Representatives from Lien AID, Phandeeyar, Walk Strong, and Liberty Asia briefly talked about the challenges they face and how they hoped to use data to tackle them. Participants then broke up into different focus groups to frame the problems and suggest solutions to the most pressing issues.

Briefing before starting the project accelerator

Briefing before starting the project accelerator

Lien AID

Lien AID is a nonprofit that aims to improves the lives of rural communities in Asia by making clean water and sanitation accessible and affordable to them. In developing countries, about 80% of illnesses are linked to poor water and sanitation, and one out of every five deaths under five is due to a water-related disease. Furthermore, the burden of collecting clean water—usually on women and children—reduces time spent in an income-generating job or attending school. To provide sustainable access to clean water, Lien AID partners with local governments and organizations to build water treatment plants that provide bottled and piped water.

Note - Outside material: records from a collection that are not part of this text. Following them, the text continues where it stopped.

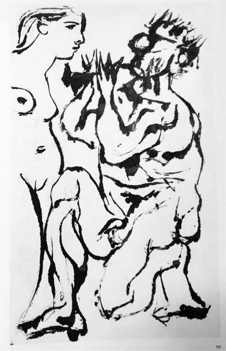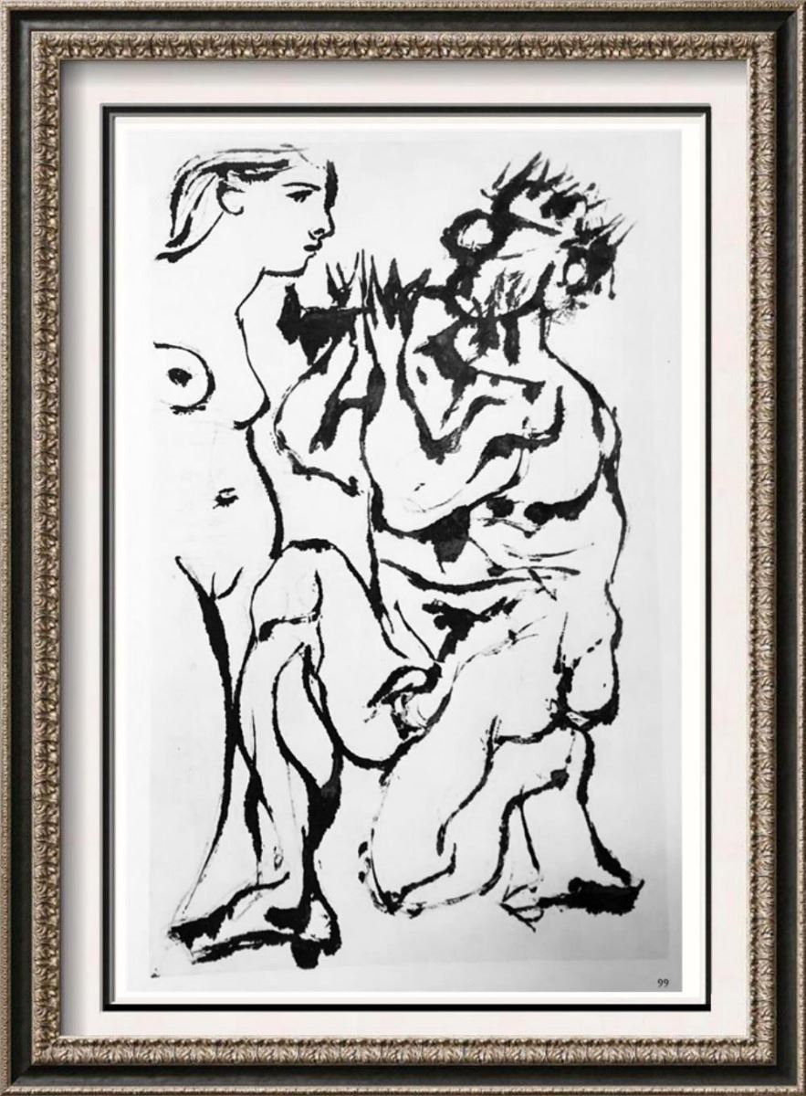 Artist Name: Pablo Picasso | Title of Art: (Plate Ninety Nine ) Pan Plays to a Standing Woman c. 1933-34 | Medium: High Quality Double-Sided Fine Art Book Plate | Unsigned | Image Size: Approx 10 x 7 | Paper Size 11 x 8 | Offered Unframed: Framing presentation if shown is for concept only | If you need assistance with custom framing, call the experts at ArtForSale | Circa 1955 | Published in Germany by Verlag Gerd Hatje, Stuttgart. Printed in Germany and Switzerland
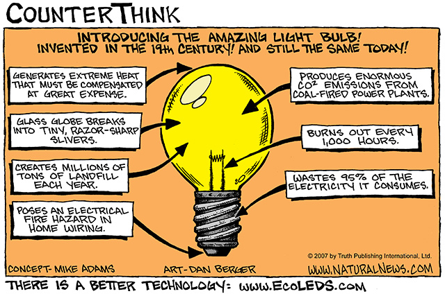 Unfortunately, very little has changed about the light bulb since the turn of the 20th century. The device still wastes 95 percent of the electricity it consumes. And thanks to a deliberate design by manufacturers to encourage repeat sales (i.e. they are deliberately engineered to burn out), light bulbs still burn out after about 1,000 hours, requiring consumers to toss them into the garbage and buy new ones. (It's true: Light bulbs were invented in 1991 that last 60,000 hours, but companies refuse to mass produce them, since repeat sales of light bulbs would plummet. The bulbs sold to consumers today are designed to self-destruct.)
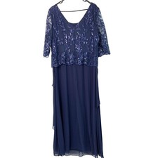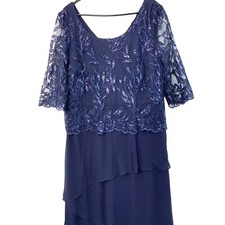 Maya Brooke Navy Lace Chiffon Tiered Bead Maxi Dress Size 16 Mother Bride 7379
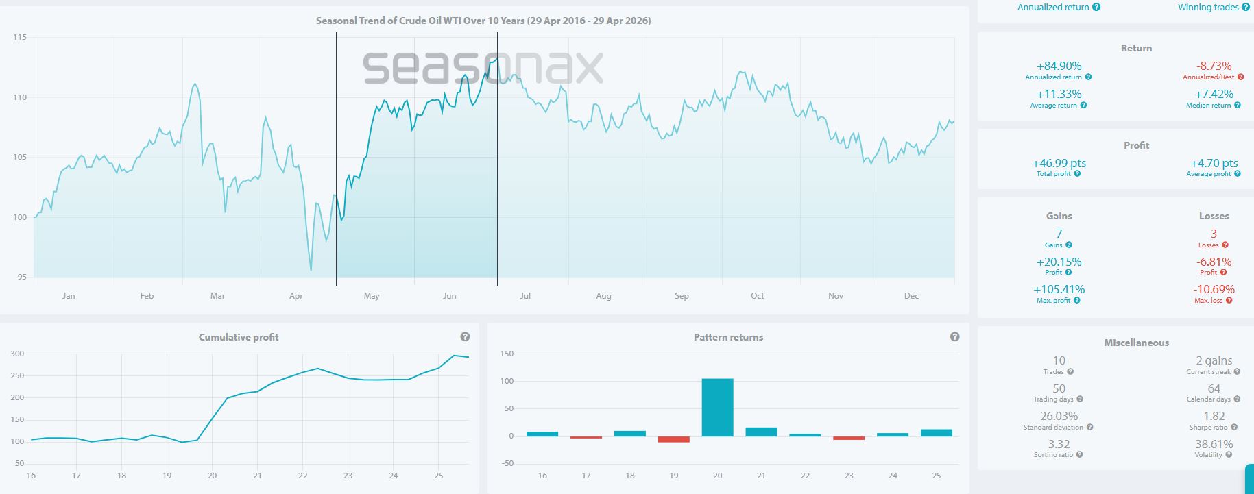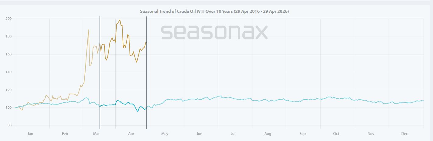 Eppure, finora, il petrolio nel 2026 ha rispettato le principali date di massimi e minimi tipiche della stagionalità a 10 anni: come spesso accade il timing è simile ma la magnitudine differente.
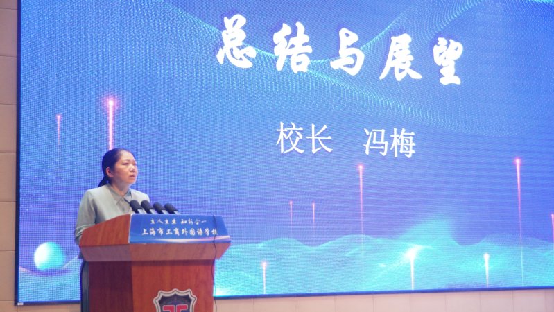 大会的最后,冯梅校长讲话。冯校首先是对本次大会的教学展示、专家点评、颁奖、阶段小结、质量规范培训等环节进行了点评,回顾了学校在教师队伍建设方面的成果,充分肯定“五艺共生”的新时代职教“金师”的教研主题在推动教师综合素养提升方面的积极作用。
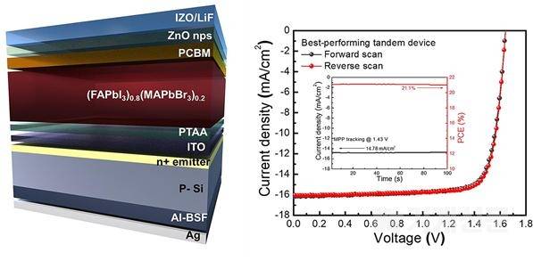 윗부분에는 고효율 페로브스카이트 태양전지를 쌓았는데, 광학 계산 설계로 최적 효율을 얻는 구조로 만들었다. 그 결과 개발된 저비용·고효율 탠덤 태양전지의 효율은 21.19% 효율로 동일 탠덤 구조에서 세계 최고 기록을 확보했다.
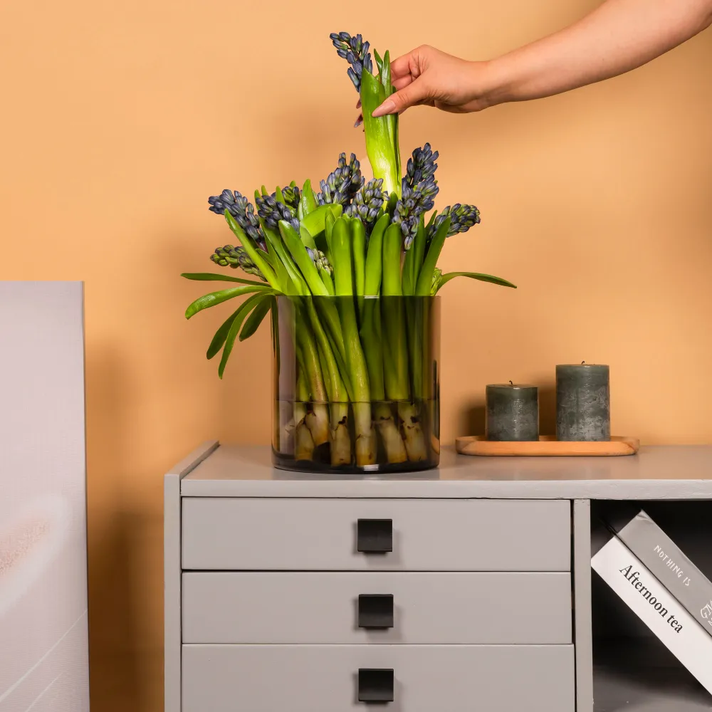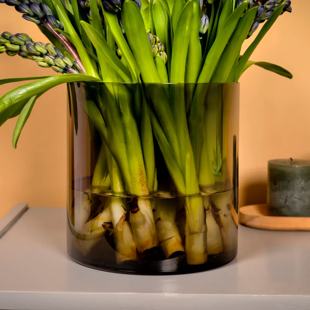 Отличный выбор для живых цветов, искусственных композиций или даже как самостоятельный элемент декора — с её помощью вы сможете выразить свою индивидуальность и добавить оригинальности любому пространству. Цилиндрическая форма в сочетании с компактными размерами делает её универсальным аксессуаром, который вы сможете разместить на столе, подоконнике или в саду.
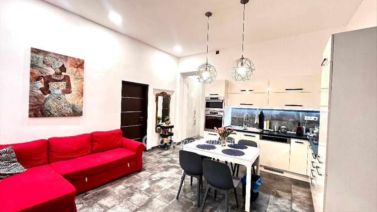 Az ingatlan a tulajdoni lapon 2 szobásként szerepel, de a felújítás során egy amerikai konyhás nappali és további 2 külön nyíló szoba került kialakításra, így a tér praktikus és sokoldalúan használható.
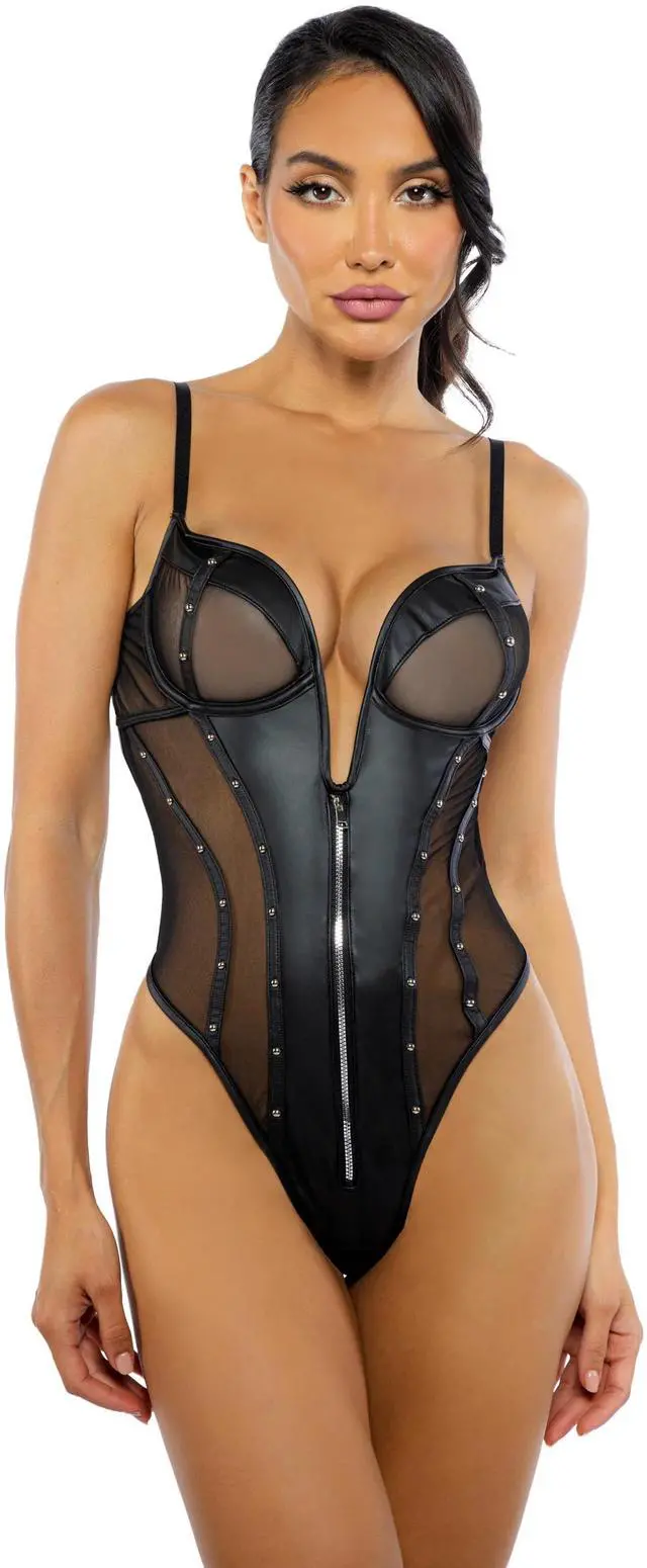 Vegan leather and mesh, Plunge v-wire, Balconette cup with underwire, Metal stud and zipper detail, Hook and eye closure, Thong back
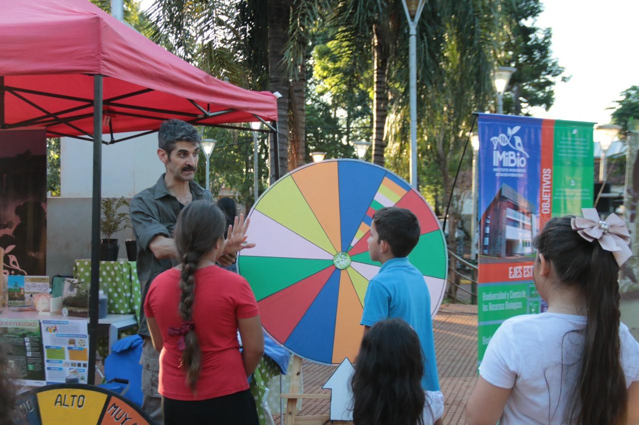 En ese marco, el grupo del IMiBio comandado el Dir. Gral. Ejecutivo, Dr. Emanuel Grassi; colocó un stand en el que a través de charlas y juegos didácticos convocó a vecinos de todas las edades a dialogar sobre la importancia de preservar la Selva Paranaense, hogar de cientos de especies autóctonas de flora, fauna y funga; y a aprender nociones básicas de compostaje, Monumentos Naturales Provinciales, y el peligro que representan de los incendios forestales para las Áreas Naturales Protegidas.
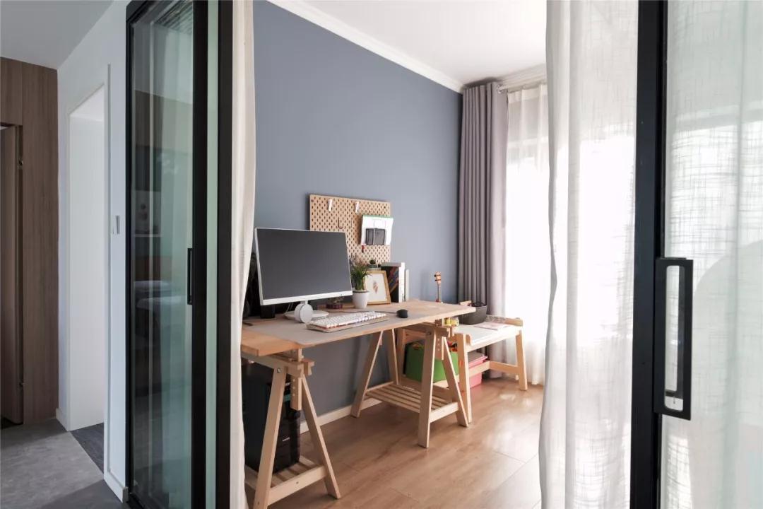 将一整面墙拆掉后,用黑框玻璃门加纱帘的组合,确保了办公区域的隐私性,墙面颜色呼应了餐厅区域,更有连贯性。

Problem Statement: To understand the consumption of clean drinking water in a community, Lien AID tracks households that buy bottled water by collecting data through phone calls to local operators. However, this data can be unreliable, making it difficult to get an accurate picture of bottled water consumption and its related benefits. In addition, Lien AID has collected significant data from its needs assessment surveys and other sources, but much of this is free text. They requested guidance on how to begin analyzing the data, especially unstructured free text data.

Proposed Solutions: To improve the accuracy of tracking bottled water sales, we suggested providing each household with identification cards and/or numbering the reusable water bottles. Purchases of bottled water can then be tracked by recording the numbers of incoming and outgoing bottles, with transaction data stored in a centralized database. Depending on the tech comfort level of the local operators, the simple numbering could be replaced by barcodes or QR codes.

To better structure data in the collection phase (and reduce data cleanup after), we suggested replacing free text fields with multiple response questions. To better understand how Lien AID can analyze their existing data, we suggested Lien AID provide a data sample to assess how best to begin. It’s always important to first develop clear questions of the data before jumping into the analysis.


Phandeeyar is a nonprofit tech hub that brings together the tech community to accelerate development in Myanmar. Myanmar has opened up recently, though the decades of isolation led to an information and communication technology deficit. Thus, there is great potential for Myanmar to harness technology and the internet to foster social change. With this in mind, Phandeeyar aims to foster collaboration between the tech community, civil society, and journalists to create positive social impact. Past activities include collaborating with Google to crowdsource the improvement of Google Translate for Myanmar and organizing data journalism workshops on data analysis and visualization.

Problem Statement: Phandeeyar aims to improve its capability in matching nonprofits’ needs with volunteers having the right skill sets. Currently, the process is largely manual and reliant on Phandeeyar team members’ knowledge of nonprofits and the tech community and there is no centralised database. In addition, being a relatively young group, Phandeeyar lacked an organized and efficient workflow. This limited its ability to collect data about its events and stakeholders that attend (e.g., needs, skills, contact information), making it difficult to link up civil society and nonprofits’ needs with members of the tech community that have the right skills.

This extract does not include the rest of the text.